The Satin Winds performed their inaugural concerts last weekend. Featuring top players from the Tasmanian Symphony orchestra – Lloyd Hudson (flute), Dinah Woods (oboe), Andrew Seymour (clarinet), Tahnee van Herk (bassoon) and Heath Parkinson (horn) – the new ensemble presented three rarely heard, but very attractive and contrasted works. The boomy acoustic of MONA's Barrel Room posed a challenge, but these seasoned players reined in the volume of their playing and achieved good balance to suit the space. Paul Taffanel’s (1844-1908) Wind Quintet in G minor, sounding very French, has a lively melodious cast and appealing lyricism.

It was wonderfully performed, with Heath Parkinson's fine horn playing especially notable. Contemporary American composer Valerie Coleman’s Afro-Cuban Concerto for Wind Quintet was exciting, the players tackling the rhythmic challenges with gusto. Cuban composer Paquito D'Rivero’s "Wapango" - a lively Latin dance – completed the program. The Satin Winds can be heard in the Taffanel work, and will be joined by pianist Jennifer Marten-Smith in Beethoven's Quintet for Piano and Winds Op 16, for a free concert at the Hobart Town Hall today at 5pm.

Peter Donnelly
Mercury 14 August 2015

Flute Cello Piano

Virtuosi Tasmania
Flute Cello Piano
Home Hill Winery
Ranelagh

Jillian Norton (flute), Martin Penicka (cello), and Amanda Hodder (piano) performed Romantic music, the first of several events at various venues around the State.

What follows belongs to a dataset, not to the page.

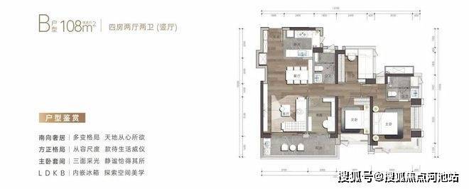 建筑面积约108㎡户型-4房2卫(竖厅)

While the concert was occasionally accompanied by the sound of heavy rain on the metal roof of the winery, it hardly affected enjoyment of some well-chosen pieces. Focused, committed playing graced music by Philippe Gaubert, Johann Nepomuk Hummel, Astor Piazzolla, and Carl Maria von Weber. The works offered a continuous contrast of styles, opening with Gaubert's "Piece Romantique", which was given a requisite elegance and Gallic charm. The Piazzolla tangos "La muerte del angel", with its fugal opening and harmonic poignancy, and "Oblivion", the encore, were especially appealing. The structurally more substantial Weber "Trio for flute, cello and piano in G minor, Op 63" and Hummel's "Adagio, Variations and Rondo on a Russian Theme, Op 78" were most enjoyable, especially the superb Weber Trio, which should be heard more frequently. There will be further performances at Devonport and Westbury on June 6 and 7 respectively.

Peter Donnelly
Mercury 3rd June 2015

Debussy and Haydn

CD: Virtuosi Tasmania
Huon Quartet
Debussy, Haydn
Virtuosi Tasmania Records

Haydn dances with Debussy at the Hobart Governor’s Ballroom.

Two minor string quartets recorded in the Ballroom of Government House, Hobart might sound underwhelming, but Virtuosi Tasmania provide a terrific match with Haydn and Debussy on their latest release.

Debussy’s stunning String Quartet in G Minor is thrillingly suspenseful. The second movement throbs with metronomic pizzicato, supplying fantastic textural contrasts. The Andantino, doucement expressif is painful in its beauty: this is the sort of music string quartets were created for. The romance comes to an impossibly peaceful ending, weakened only by a shaky beginning to the final chord. A pulsing cello drives the final movement to its brilliant finish.

Haydn’s String Quartet in F Minor, Op 20 No 5 sounds conservative and might have had more impact had it been placed first.

This is not to suggest the two works aren’t an appropriate fit – in fact, Haydn offers an emotional respite after the intensity of the Debussy. Haydn’s reliably repetitive motives in the first movement are followed by a light Menuetto. Because of the subtlety of this quartet, the ballroom’s mildly reverberant acoustics are more apparent. The Adagio pulses like a lullaby before coming to a dreamy end, followed by the Finale: Fuga a due soggetti. These final movements would go well without a break, and despite the Finale’s darker feel, the quartet still retains the lightness of the third movement before its bold conclusion.